HLRCC, recognized in 2001, is a relatively new genetic disease. Since its discovery, researchers found an association with renal cell carcinoma. Thus, early screening, starting around 8 to 10 years old, is vital as it may develop even in children. If positively diagnosed with HLRCC, you should have an annual MRI scan to monitor any developments related to kidney cancer. Similarly, adults with HLRCC should also undergo an MRI yearly. A full physical examination, a gynecological exam when appropriate, and skin check-ups twice a year are also recommended. Additionally, your close family members should get genetic testing for HLRCC and screenings for abdominal or pelvic abnormalities.

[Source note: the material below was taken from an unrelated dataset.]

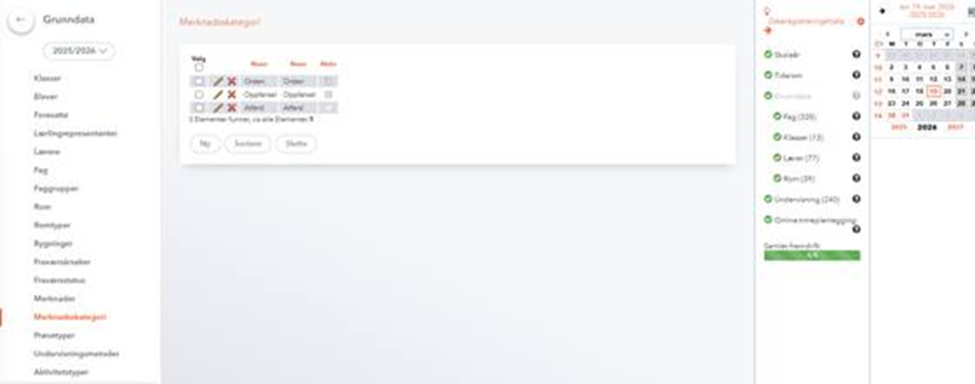 Gå til Timeplan > Grunndata > Merknadskategori Det er to måter å håndtere overgangen fra Atferd til Oppførsel:

Treatment Options for Cutaneous Leiomyomas
Piloleiomyomas are a condition that can cause significant distress for both patients and doctors because of their tendency to return after surgical removal, and the lack of effective drug treatments. The chosen treatment method depends on how many piloleiomyomas the patient has, where they’re located, and how much discomfort they’re causing.
Surgical removal is the best option if the patient only has a few piloleiomyomas in one place. However, it’s important that the patient understands there’s a high chance these could return, sometimes as quickly as six weeks after being removed.
If the piloleiomyomas cover a larger area, or if the patient doesn’t want to risk them returning after the surgery, medication could be a better option. Treatments like nifedipine, nitroglycerin, and doxazosin all help by lessening the contraction of the smooth muscle in the area affected by the piloleiomyomas. Other drugs like gabapentin, pregabalin, and duloxetine can be used to manage the pain caused by the condition.
Injecting botulinum toxin (commonly known as Botox) into the areas affected by the piloleiomyomas can sometimes help with symptoms, but the results from this treatment can vary.
What else can Cutaneous Leiomyomas be?
When determining the cause of skin growths called leiomyomas, doctors have to consider many possible conditions because a single lesion can look like many different things. But when multiple skin leiomyomas, particularly a type called piloleiomyomas, are present, they often have a unique appearance, which makes identification easier.
If a patient mentions that these growths are painful or causing discomfort, doctors will need to consider other possible conditions. These might include the blue rubber bleb nevus, angiolipomas, neuromas, glomus tumors, neurilemmoma, endometrioma, granular cell tumors, and eccrine spiradenomas – a group of disorders that can cause painful skin lesions. Dermatofibromas could also potentially be the cause of the skin growths.